### INFORMATION PROVIDED

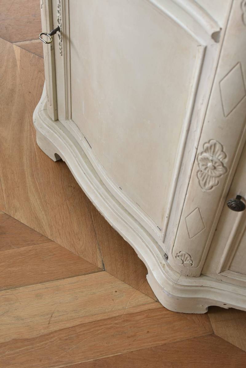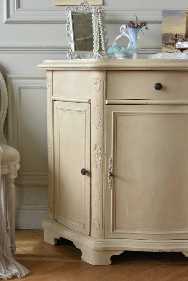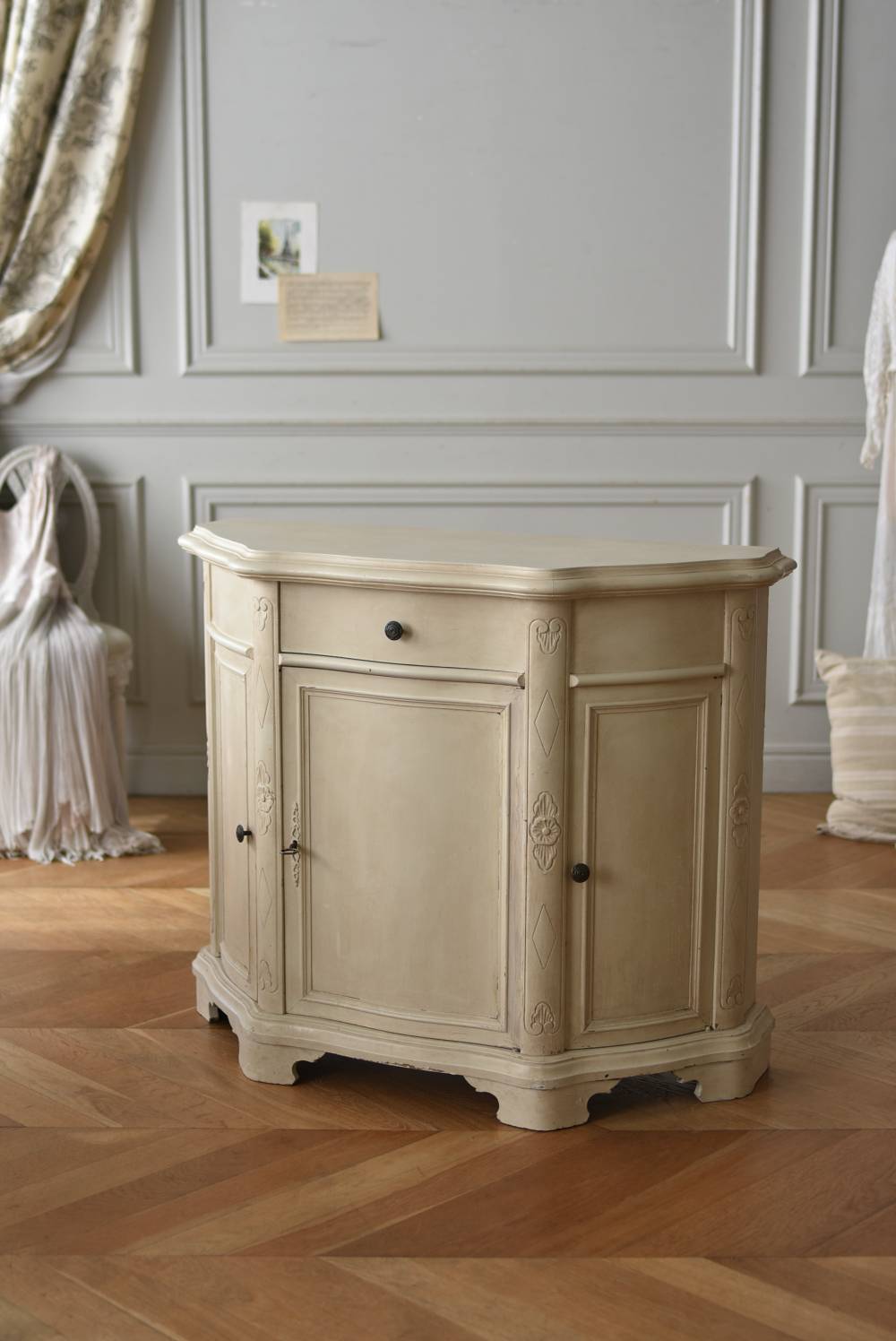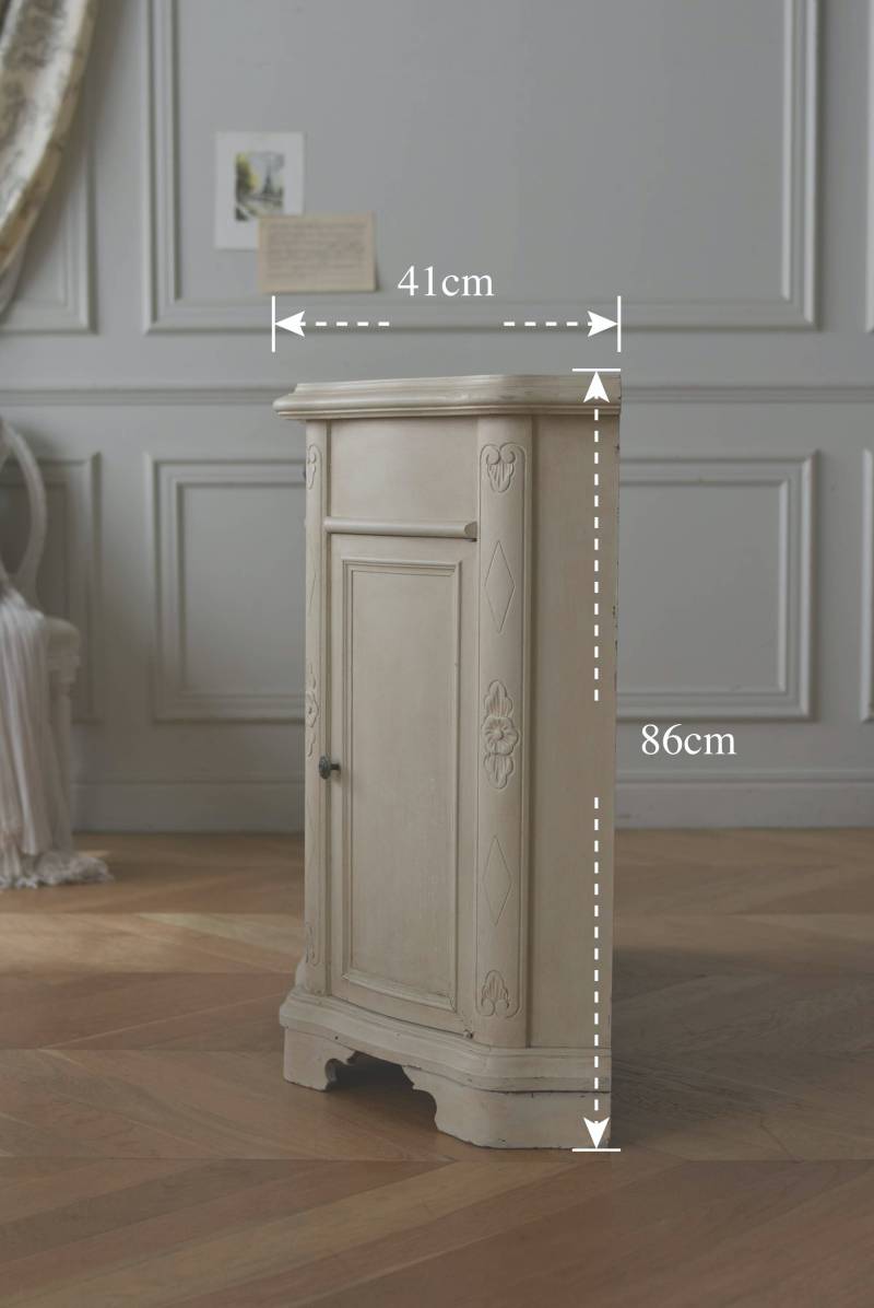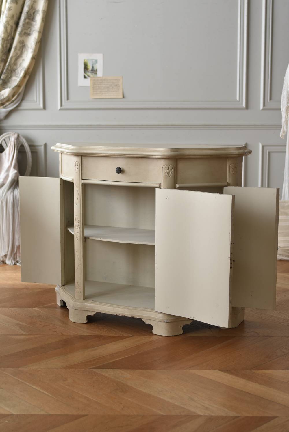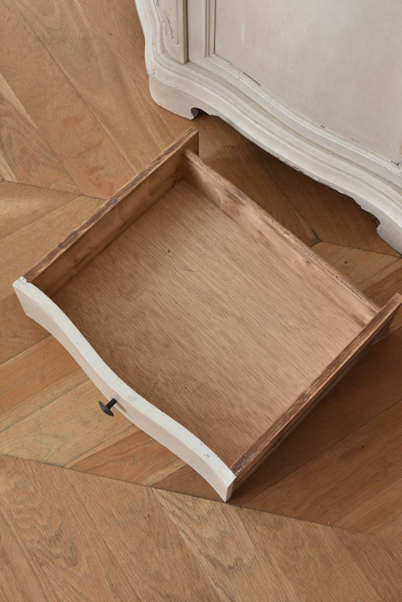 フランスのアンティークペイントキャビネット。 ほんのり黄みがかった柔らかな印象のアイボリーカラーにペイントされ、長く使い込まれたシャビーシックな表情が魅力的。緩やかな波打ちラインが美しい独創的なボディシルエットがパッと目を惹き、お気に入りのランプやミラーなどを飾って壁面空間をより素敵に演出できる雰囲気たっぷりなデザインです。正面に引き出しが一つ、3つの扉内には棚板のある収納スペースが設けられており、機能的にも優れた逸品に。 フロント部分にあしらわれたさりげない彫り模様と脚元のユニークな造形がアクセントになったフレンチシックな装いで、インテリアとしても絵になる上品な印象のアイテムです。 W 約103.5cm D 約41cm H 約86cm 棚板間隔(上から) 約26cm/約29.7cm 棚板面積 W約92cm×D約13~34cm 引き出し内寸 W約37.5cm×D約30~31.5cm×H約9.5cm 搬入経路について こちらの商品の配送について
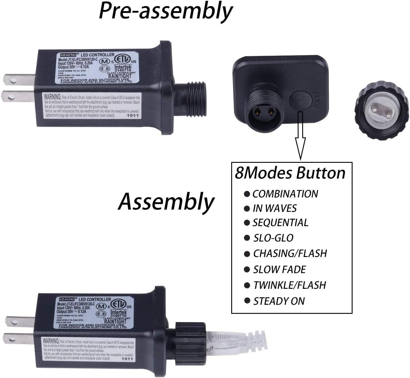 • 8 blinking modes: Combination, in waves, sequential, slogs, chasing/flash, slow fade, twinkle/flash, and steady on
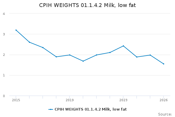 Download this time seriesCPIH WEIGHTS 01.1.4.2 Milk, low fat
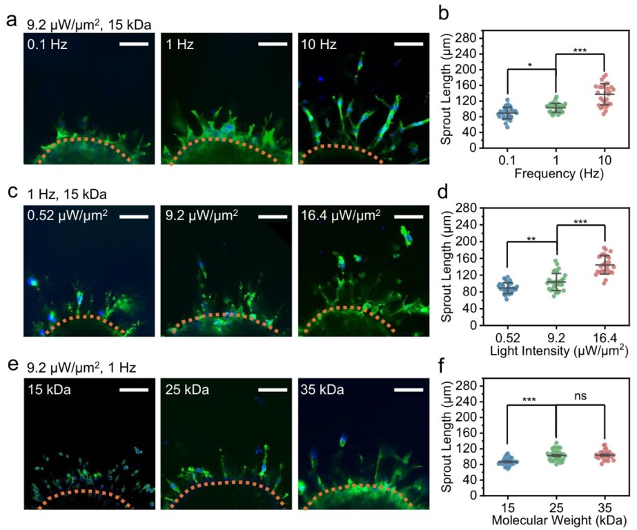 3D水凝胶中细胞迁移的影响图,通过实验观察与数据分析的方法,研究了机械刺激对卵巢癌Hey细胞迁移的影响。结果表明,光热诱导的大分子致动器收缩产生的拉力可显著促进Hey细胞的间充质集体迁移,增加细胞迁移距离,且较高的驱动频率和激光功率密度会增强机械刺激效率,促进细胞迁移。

######

WHAT IS BEING ASKED: Write out all the material above exactly, with no image carried over.

TASK RESULT:
 フランスのアンティークペイントキャビネット。 ほんのり黄みがかった柔らかな印象のアイボリーカラーにペイントされ、長く使い込まれたシャビーシックな表情が魅力的。緩やかな波打ちラインが美しい独創的なボディシルエットがパッと目を惹き、お気に入りのランプやミラーなどを飾って壁面空間をより素敵に演出できる雰囲気たっぷりなデザインです。正面に引き出しが一つ、3つの扉内には棚板のある収納スペースが設けられており、機能的にも優れた逸品に。 フロント部分にあしらわれたさりげない彫り模様と脚元のユニークな造形がアクセントになったフレンチシックな装いで、インテリアとしても絵になる上品な印象のアイテムです。 W 約103.5cm D 約41cm H 約86cm 棚板間隔(上から) 約26cm/約29.7cm 棚板面積 W約92cm×D約13~34cm 引き出し内寸 W約37.5cm×D約30~31.5cm×H約9.5cm 搬入経路について こちらの商品の配送について
 • 8 blinking modes: Combination, in waves, sequential, slogs, chasing/flash, slow fade, twinkle/flash, and steady on
 Download this time seriesCPIH WEIGHTS 01.1.4.2 Milk, low fat
 3D水凝胶中细胞迁移的影响图,通过实验观察与数据分析的方法,研究了机械刺激对卵巢癌Hey细胞迁移的影响。结果表明,光热诱导的大分子致动器收缩产生的拉力可显著促进Hey细胞的间充质集体迁移,增加细胞迁移距离,且较高的驱动频率和激光功率密度会增强机械刺激效率,促进细胞迁移。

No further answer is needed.